AK Parti 14 yıldır tek başına iktidarda. “Siyasi istikrarsızlık” ya da “koalisyon” gibi sığınacak bahaneleri yok. Yabancılar pazar büyüklüğünü dikkate alarak Türkiye’ye sermaye yağdırıyor. AK Parti iktidarları döneminde giren yabancı sermaye miktarı 165 milyar dolara ulaştı. Tek parti dönemi dahil hiçbir iktidar bu kadar büyük fırsat yakalamamış, hiç birinin eline bu kadar büyük dış kaynak geçmemişti.
Peki ne oldu?
Ülke kalkındı, işsizlik, yoksulluk azaldı mı?
Tam tersine.
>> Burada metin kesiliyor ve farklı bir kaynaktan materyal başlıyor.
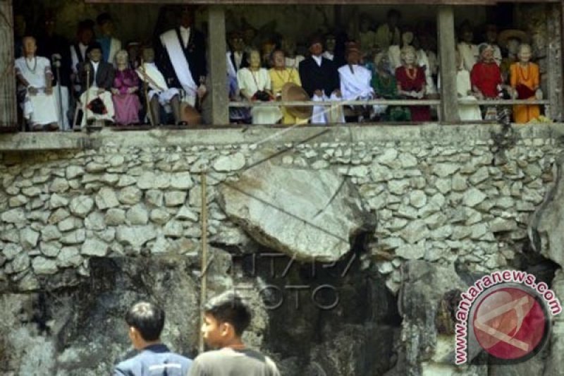 Sejumlah wisatawan mengunjungi Pekuburan Batu Londa di Toraja Utara, Sulawesi Selatan, Jumat, (14/8). Setelah kawasan tersebut ditetapkan Kementerian Kebudayaan dan Pariwisata sebagai situs cagar budaya jumlah kunjungan wisatawan domestik maupun manca negara mengalami peningkatan 20-30 persen setiap akhir pekan. ANTARA FOTO/Darwin Fatir/kye/15.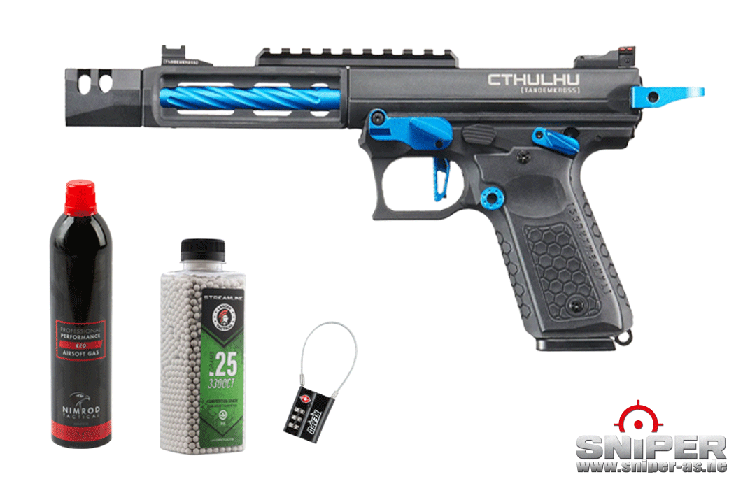 1. Lancer Tandemkross Cthulhu (blau/schwarz) mit allem was du zum Spielen brauchst (Lancer 0,25er BBs, Professional Performance Red Gas und nen Zahlenschloss)

Büyüme ortalaması yüzde 5’e bile ulaşamadı. Vatandaş kendi ayakları üzerinde durmakta zorlanıyor. Hesaplama yöntemi değişikliğiyle halkı zengin göstermenin tadını alan hükümet, krizi kağıt üzerinde aşmak istiyor. Başkanını değiştiren Türkiye İstatistik Kurumu, yakında halka, “Siz aslında bugünkü rakamlardan 3 bin dolar daha zenginsiniz.” diyerek kişi başına milli geliri 9 bin 261 dolardan 12 bin doların üzerine çıkarırsa şaşırmayın.
Oysa Türkiye’de ayni ve nakdi yardımlarla ayakta kalan vatandaş sayısının 13 milyondan 17 milyona ulaştığı bildiriliyor.
İcraya düşenlerin sayısı 24 milyon. Beğenmedikleri DSP-MHP-ANAP Koalisyonunda bu sayı 8 milyon civarındaydı. 14 yılda 16 milyon vatandaşı daha icralık ettiler.
Yargıya güven yüzde 30’a düştü.
İnsani gelişmişlik endeksi sıralamasında Türkiye 69’dan 72’ye geriledi.
Eğitim sistemi AK Parti’nin iktidarda bulunduğu 14 yılda 13 kez değiştirilmiş.
Bunlar iktidarı ilgilendirmiyor.
Çünkü yoksulları ve eğitimsizleri idare etmek daha kolay.
Hazırlıyorsunuz kolileri, milyonlarca kişiye dağıtıyorsunuz. Yardımlardan dolayı “partiye” minnettar olmalarını sağlıyorsunuz. Bir anlamda borçlandırıyor ve borcu oyla tahsil ediyorsunuz. Sizin iktidarınız devam ediyor, vatandaşın da yoksulluğu…
Kim ister böylesine iyi işleyen bir mekanizmanın bozulmasını. Yardım zincirine katılanların sayısı ne kadar artarsa o kadar iyi. Sayının artması hükümeti kaygılandırmıyor. Daha çok paket hazırlanıyor, daha fazla insana ulaşılıyor…
Hiç kimse çıkıp hesabını sormuyor. “Sizin göreviniz beni yardıma bağımlı kılmak değil, sefaleti ortadan kaldırmak, bana iş vermek.” demiyor, diyemiyor.
Ama burası Türkiye. Mucizeler ülkesi! Ekonomistlerin aklını alacak gelişmeler yaşanıyor. Halk yoksullaşırken, kişi başına milli gelir artıyor!